Handling of routine sanitization tasks

Nurses work in many different healthcare settings and handle various tasks, but their work often involves disinfectant use to keep patients safe and prevent infections.[22-25] The COVID-19 pandemic increased the need for thorough sanitizing and disinfecting in healthcare, which requires dedicated staff and extensive time–two things in high demand in today’s healthcare world. However, growing research has raised concern about the health risks nurses face from repeated exposure to these cleaning agents–particularly the increased risk of developing respiratory conditions such as asthma.[23,24,26] Studies have consistently shown that nurses, more than many other healthcare workers, are at a heightened risk for occupational asthma.[23] This is likely due to their frequent use of bleach, ammonia, quaternary ammonium compounds (quats), and aerosolized disinfectants used for cleaning medical instruments and surfaces.[23,24,27,28] Although the exact causes are still being studied, it is becoming increasingly clear that long-term exposure to certain disinfectants is linked to respiratory issues in healthcare workers.[27]
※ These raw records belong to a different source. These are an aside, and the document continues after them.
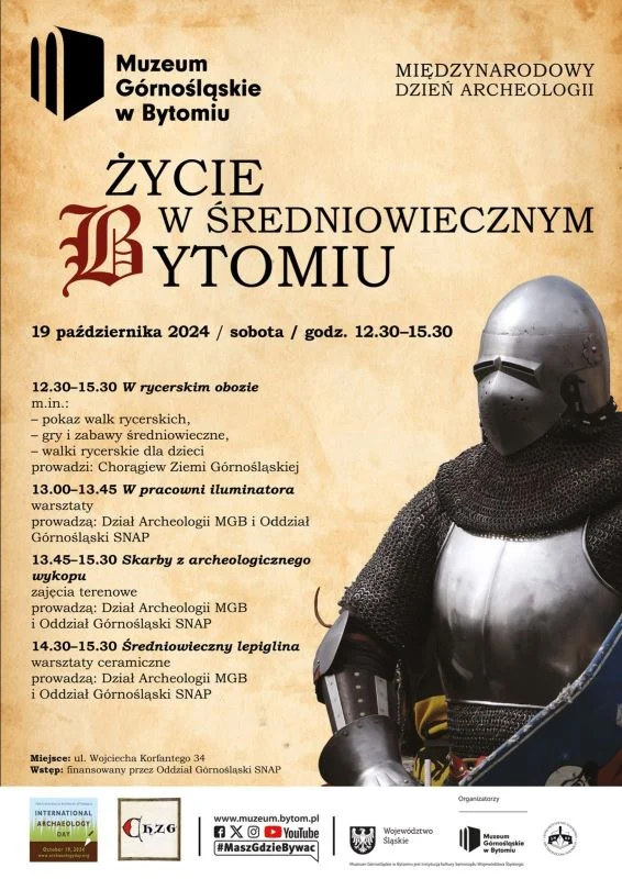Rycerze u miasta bram! Pisanie gęsim piórem, wykop archeologiczny i wykopaliska, średniowieczne obozowisko i pokaz walk rycerskich, warsztaty lepienia z gliny, gry i zabawy z epoki. Życie w średniowiecznym Bytomiu to motyw przewodni Międzynarodowego Dnia Archeologii, które w naszym mieście odbędzie się w sobotę 19 października w Muzeum Górnośląskim.
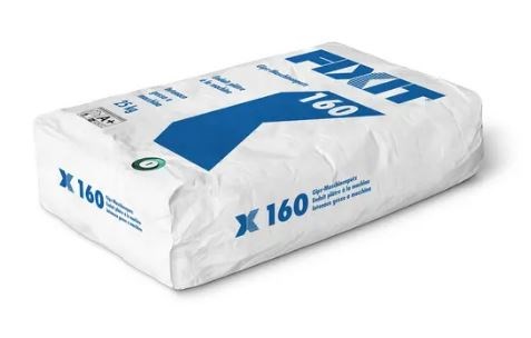 Fixit 160 ist ein Einschicht-Gipsputz zum Glätten für Wände und Decken im Trockenbereich, er kann auch als Gipsgrundputz verwendet werden, als Untergründe sind Backstein, Kalksandstein, Naturstein, Porenbeton und Beton geeignet, auf Beton ist vorgängig die Fixit 341 Quarzbrücke R+S aufzutragen, minimale Schichtdicke 10 mm (auf Betondecken 5 mm), Verarbeitungszeit 60-80 Minuten, Verbrauch ca. 1 kg/m²/mm
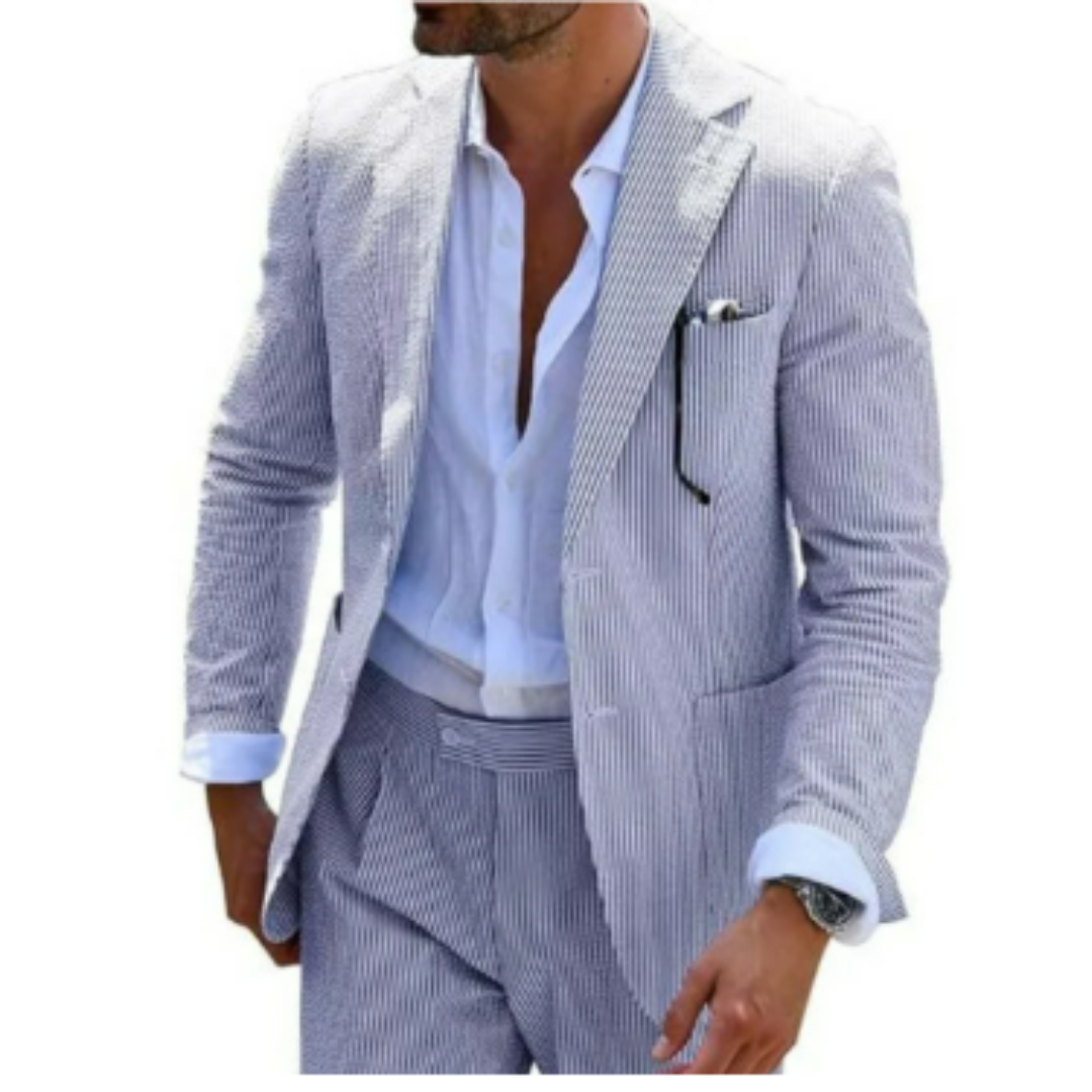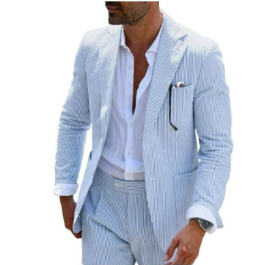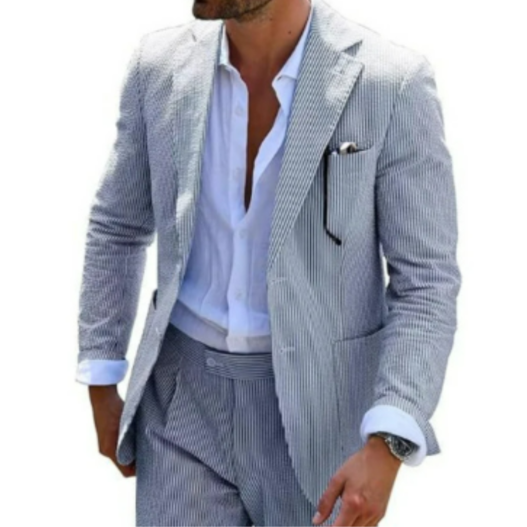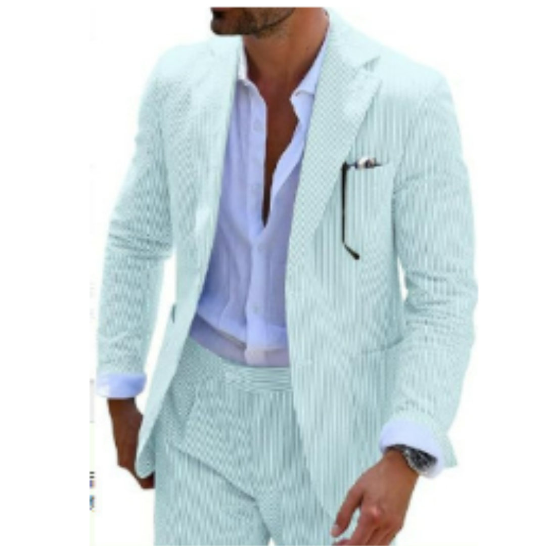 Dieser zweireihige Sommeranzug ist der Inbegriff moderner Eleganz. Die leichte Stoffqualität und das markante Design machen ihn zum perfekten Begleiter für Hochzeiten und feierliche Anlässe bei warmem Wetter. Mit seiner edlen Knopfleiste und dem klassischen Schnitt hebt er jeden Look auf das nächste Level.
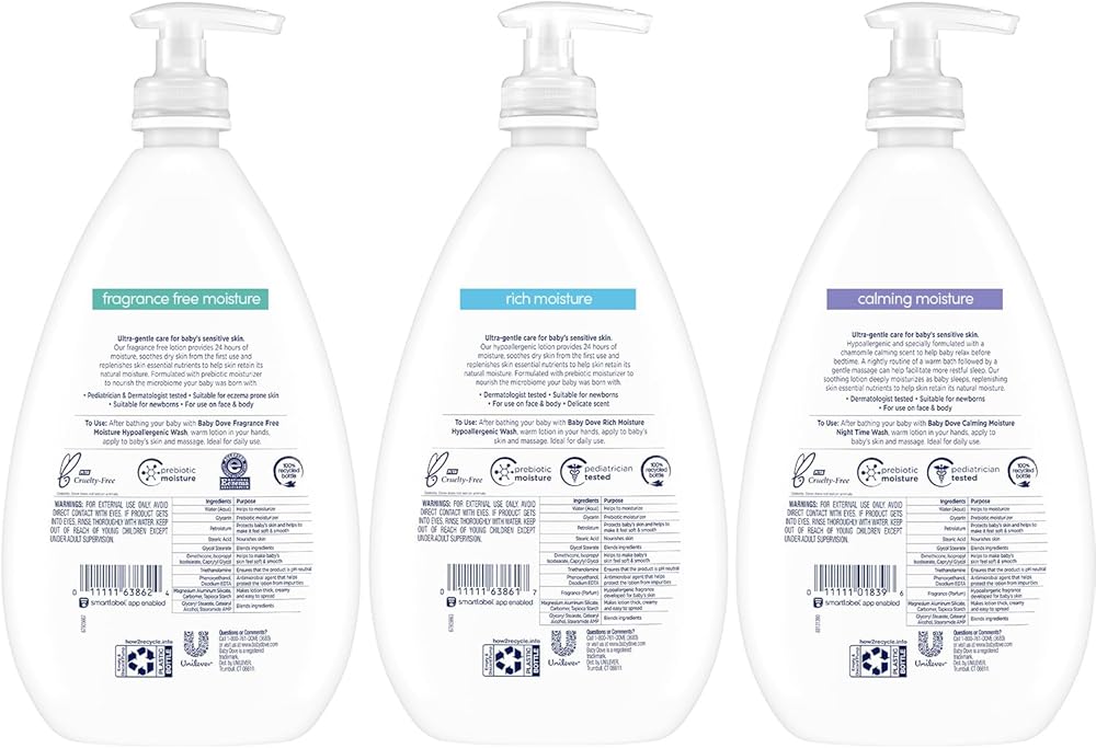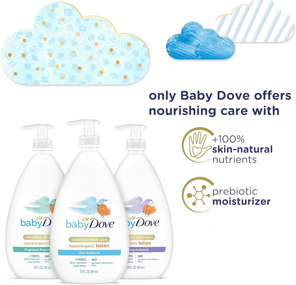 • FACE & BODY LOTION FOR BABY SKIN CARE: This hypoallergenic lotion set includes the gentle Dove lotion formula for babies in three variations: lightly scented Rich Moisture, Fragrance Free Moisture, and chamomile-scented Calming Moisture.

In addressing this challenge, specialists advocate for a comprehensive infection control strategy that protects patients and promotes the overall well-being of frontline healthcare workers.[25] As part of this evolution, healthcare systems are increasingly turning to technological solutions for assistance. Medical robots are being developed and deployed to healthcare settings to aid in cleaning and disinfection.[29,30] For instance, ultraviolet disinfection robots are emerging as a practical option for handling routine sanitization tasks. These robots have the potential to perform repetitive, time-consuming cleaning duties, reducing exposure risks for nurses.
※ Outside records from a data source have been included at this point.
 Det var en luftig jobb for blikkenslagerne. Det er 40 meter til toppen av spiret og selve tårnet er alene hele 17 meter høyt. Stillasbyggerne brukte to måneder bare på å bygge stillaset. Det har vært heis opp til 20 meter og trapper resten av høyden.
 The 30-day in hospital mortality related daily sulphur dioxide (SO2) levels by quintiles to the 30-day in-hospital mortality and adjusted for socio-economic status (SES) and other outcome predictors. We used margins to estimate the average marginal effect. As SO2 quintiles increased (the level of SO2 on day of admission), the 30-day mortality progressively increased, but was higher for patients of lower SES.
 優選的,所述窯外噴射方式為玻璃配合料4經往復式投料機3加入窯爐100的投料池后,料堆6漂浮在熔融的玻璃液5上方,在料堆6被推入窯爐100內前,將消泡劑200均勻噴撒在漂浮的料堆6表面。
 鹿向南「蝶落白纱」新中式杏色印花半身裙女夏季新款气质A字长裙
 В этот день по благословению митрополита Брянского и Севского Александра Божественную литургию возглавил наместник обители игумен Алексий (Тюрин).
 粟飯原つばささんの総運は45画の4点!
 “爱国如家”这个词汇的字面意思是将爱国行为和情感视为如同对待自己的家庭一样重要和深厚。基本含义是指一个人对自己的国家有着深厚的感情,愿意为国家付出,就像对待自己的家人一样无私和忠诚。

Valuable in physical therapy

Recovering from injuries often means patients need focused physical therapy to help them regain movement and independence, especially within the hospital environment. Simply getting out of bed and taking a few steps can make a big difference, as it has been shown to ease stress, lift spirits, and even speed up the healing process.[31,32] New advances in humanoid robotics–specifically exoskeletons–are being explored to help healthcare professionals, especially nurses, manage repetitive and physically demanding tasks. These wearable devices are designed to ease fatigue and reduce back, neck, and shoulder pain, commonly reported by those who spend long hours on their feet or perform frequent lifting.[33] In general, Robotic exoskeletons come in two forms. Passive exoskeletons rely on mechanical elements such as springs and dampers to capture and release energy from the wearer’s movements, making it easier to maintain good posture or perform specific actions. In contrast, active exoskeletons are equipped with powered components–such as motors or hydraulics–that actively enhance a person’s strength and mobility.[34]

These supportive suits can be tailored for different parts of the body – upper, lower, or even full-body versions exist, as well as models that target just a single joint.[35] For nurses, back-support exoskeletons are especially promising, as they can help prevent work-related injuries caused by repetitive lifting and moving of patients.[34,36,37] Furthermore, robotic exoskeletons have been demonstrated to be valuable in assisting patients to regain their mobility, as they act like an external set of muscles and bones, thus retraining their body to move correctly and even helping those with disabilities walk again. For many patients, this renewed sense of autonomy and movement is vital to their recovery and general well-being.[38]

Assist in providing emotional support

Emotional support is vital to every patient’s healing process, but nurses sometimes face challenges from staff shortages and demanding workloads. Nurses provide emotional care by empathizing sincerely and compassionately, listening actively, educating appropriately, using emotional presence, empowering the patient to cope, and providing reassurance, respect, and dignity, which helps reduce anxiety and foster trust. However, because they spend so much time managing clinical tasks and caring for many patients, they may not always have enough time or energy to meet every individual’s emotional needs fully. This can lead to exhaustion and make it harder for nurses to consistently provide the compassionate support that greatly benefits patients’ recovery and well-being.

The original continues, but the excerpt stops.